The challenge for customers of open weight models
As a customer of open weight model providers, this really isn’t something I wanted to have to think about!
It’s not really a surprise though. When running models myself I inevitably have to make choices – about which serving framework to use (I’m usually picking between GGPF/llama.cpp and MLX on my own Mac laptop) and the quantization size to use.
I know that quantization has an impact, but it’s difficult for me to quantify that effect.
It looks like with hosted models even knowing the quantization they are using isn’t necessarily enough information to be able to predict that model’s performance.
I see this situation as a general challenge for open weight models. They tend to be released as an opaque set of model weights plus loose instructions for running them on a single platform – if we are lucky! Most AI labs leave quantization and format conversions to the community and third-party providers.
There’s a lot that can go wrong. Tool calling is particularly vulnerable to these differences – models have been trained on specific tool-calling conventions, and if a provider doesn’t get these exactly right the results can be unpredictable but difficult to diagnose.
What would help enormously here would be some kind of conformance suite. If models were reliably deterministic this would be easy: publish a set of test cases and let providers (or their customers) run those to check the model’s implementation.
Models aren’t deterministic though, even at a temperature of 0. Maybe this new effort from Artificial Analysis is exactly what we need here, especially since running a full benchmark suite against a provider can be quite expensive in terms of token spend.
Tags: ai, generative-ai, local-llms, llms, gpt-oss, artificial-analysis
AI Summary and Description: Yes
Summary: The text discusses a benchmark analysis of OpenAI’s gpt-oss-120b model across various hosted platforms, revealing significant performance variations. It highlights the complexities and challenges associated with using open weight models, particularly concerning the choice of serving frameworks and quantization impacts, while suggesting that a conformance suite might be beneficial for consistency.
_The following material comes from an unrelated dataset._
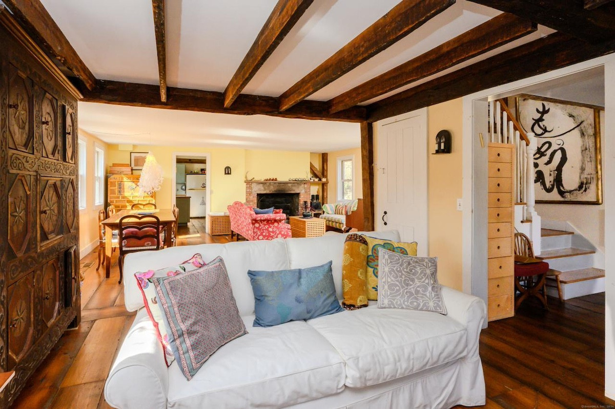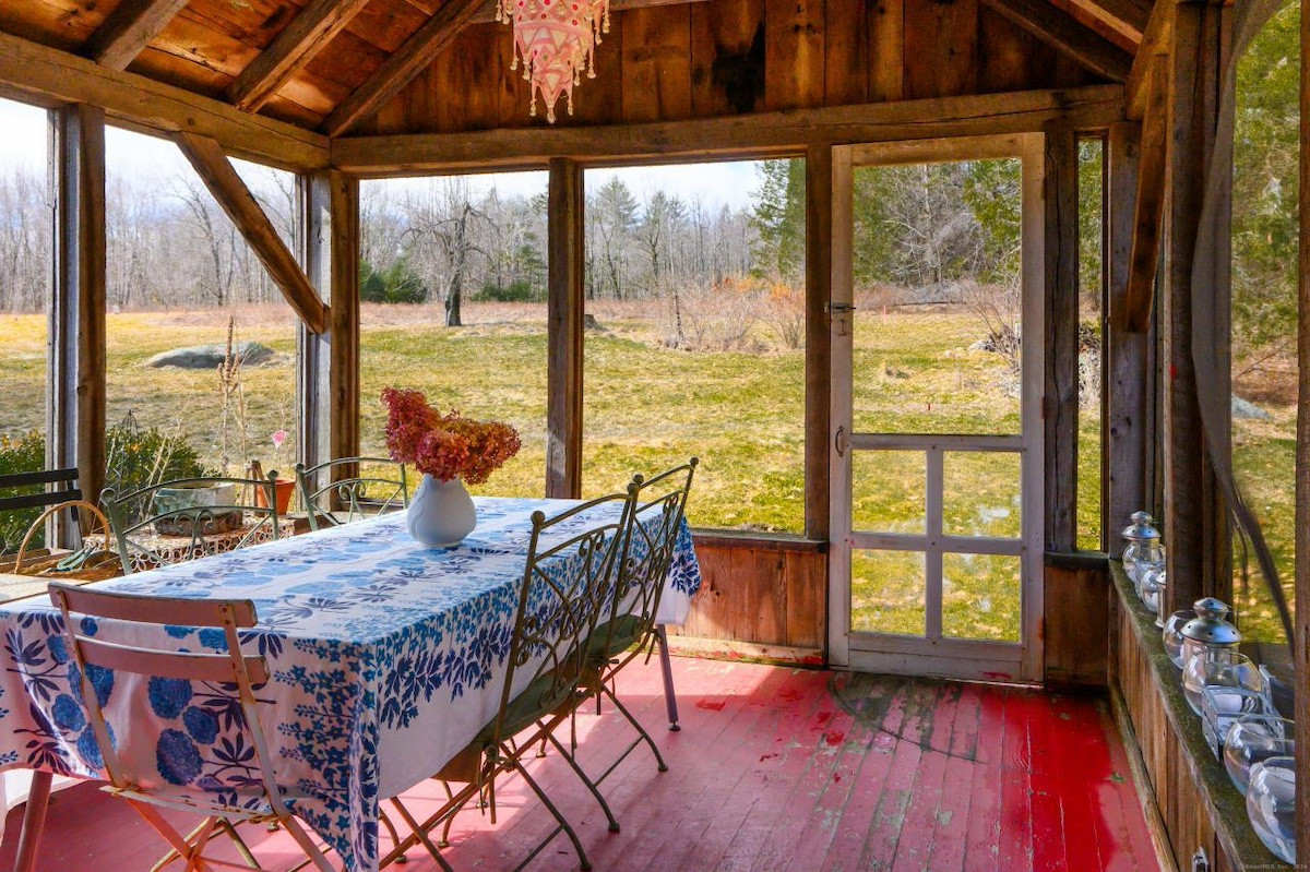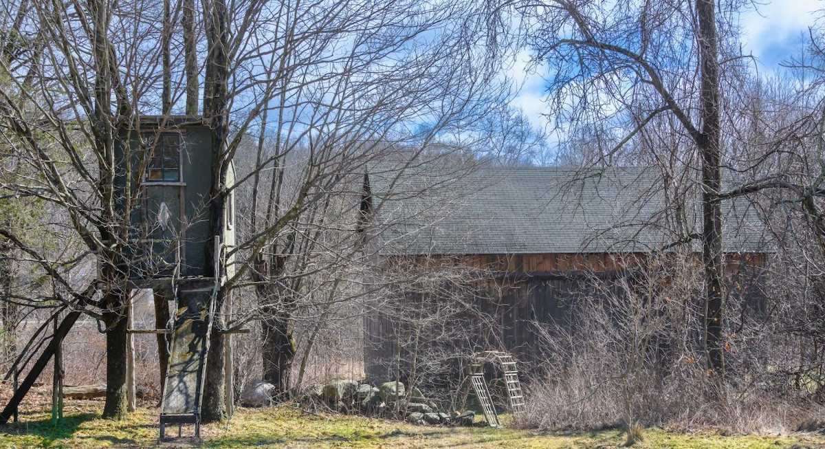 A winding driveway in Cornwall takes you to an antique home with rustic charm and and an open floor plan. it has three bedrooms and two bathrooms. The barn could be restored into a studio, pool house or entertaining space. Bonus: a whimical treehouse is included. Listed at $850,000 by Bain Real Estate.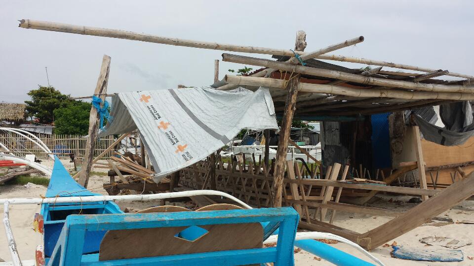 Last August, throughout the island of Malapascua in Northern Cebu, I’ve seen plenty of Red Cross tarpaulins repurposed as house roof extension for the rebuilt homes or as boatyard shade. I even came across a Shelter Box – still standing.

Detailed Description: The passage sheds light on a recent benchmark analysis conducted by Artificial Analysis focused on OpenAI’s gpt-oss-120b model when deployed on different hosting providers. This analysis is crucial for professionals in AI and cloud computing, as it underscores the inherent performance discrepancies that can arise based on deployment conditions and model management.
Key Points:
– **Benchmark Findings**:
– The performance results show significant variance among hosted providers.
– Top performing platforms included Cerebras, Nebius Base, Fireworks, Deepinfra, Novita, Together.ai, all scoring 93.3%.
– Microsoft Azure scored 80% due to using an outdated vLLM version, which has since been corrected.
– AWS Bedrock’s results remain unexplained at the moment.
– **Challenges with Open Weight Models**:
– Customers often face difficulties in selecting appropriate serving frameworks and making decisions regarding quantization without clear benchmarks.
– The opaque nature of many open weight models can complicate the understanding of their performance.
– **Tool Calling Vulnerabilities**:
– Models are sensitive to tool calling conventions; inaccuracies here can lead to unpredictable outcomes that are hard to diagnose.
– **Need for a Conformance Suite**:
– The author argues for the development of a conformance suite to standardize performance assessments across different implementations.
– A systematic approach, involving deterministic tests, could provide clarity and reliability to model deployment across various environments.
– **Implications for AI and Cloud Security**:
– Understanding the variability in model performance is critical for ensuring effective AI deployments, particularly from a security and compliance perspective.
– The challenges presented can have broader implications for securing AI systems and ensuring they meet compliance standards.
This analysis carries significant implications for AI professionals and cloud computing specialists, emphasizing the need for better tools and frameworks to evaluate model performance, ultimately leading to improved reliability and security in AI applications.